* EXERCISE MATERIAL:
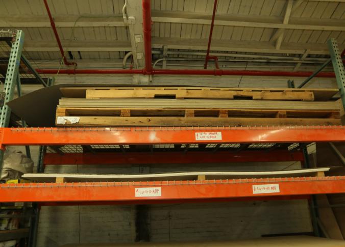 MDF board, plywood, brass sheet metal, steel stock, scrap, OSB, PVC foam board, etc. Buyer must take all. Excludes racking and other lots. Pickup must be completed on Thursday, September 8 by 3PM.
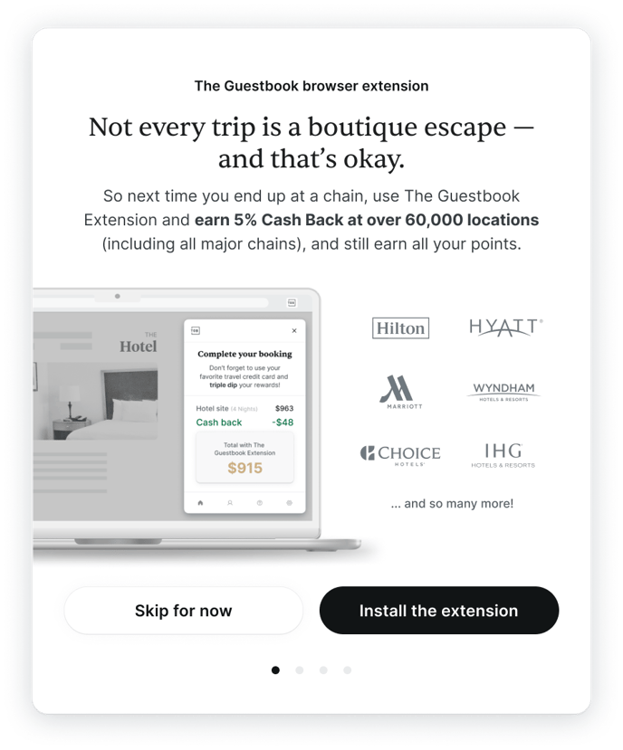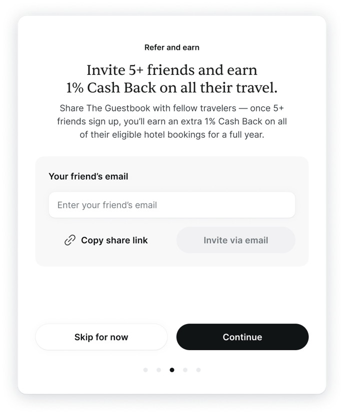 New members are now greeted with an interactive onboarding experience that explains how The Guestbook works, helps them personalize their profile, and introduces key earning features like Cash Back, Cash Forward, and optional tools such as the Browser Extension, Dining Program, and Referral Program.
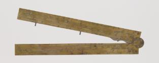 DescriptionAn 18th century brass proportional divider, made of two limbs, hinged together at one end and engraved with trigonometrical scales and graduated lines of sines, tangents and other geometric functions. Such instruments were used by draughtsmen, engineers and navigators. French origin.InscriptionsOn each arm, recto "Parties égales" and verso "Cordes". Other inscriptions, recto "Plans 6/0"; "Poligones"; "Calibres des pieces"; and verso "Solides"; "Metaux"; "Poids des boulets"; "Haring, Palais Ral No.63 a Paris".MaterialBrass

* * *

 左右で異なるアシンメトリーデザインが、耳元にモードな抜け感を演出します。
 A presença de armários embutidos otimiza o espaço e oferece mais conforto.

* TASK GOAL:
Within the listing above, write out the stretch from the line with "MDF board, plywood, brass" through the line with "DescriptionAn 18th century" exactly. Any pictures are to be left out.

* EXPECTED ANSWER:
 MDF board, plywood, brass sheet metal, steel stock, scrap, OSB, PVC foam board, etc. Buyer must take all. Excludes racking and other lots. Pickup must be completed on Thursday, September 8 by 3PM.
 New members are now greeted with an interactive onboarding experience that explains how The Guestbook works, helps them personalize their profile, and introduces key earning features like Cash Back, Cash Forward, and optional tools such as the Browser Extension, Dining Program, and Referral Program.
 DescriptionAn 18th century brass proportional divider, made of two limbs, hinged together at one end and engraved with trigonometrical scales and graduated lines of sines, tangents and other geometric functions. Such instruments were used by draughtsmen, engineers and navigators. French origin.InscriptionsOn each arm, recto "Parties égales" and verso "Cordes". Other inscriptions, recto "Plans 6/0"; "Poligones"; "Calibres des pieces"; and verso "Solides"; "Metaux"; "Poids des boulets"; "Haring, Palais Ral No.63 a Paris".MaterialBrass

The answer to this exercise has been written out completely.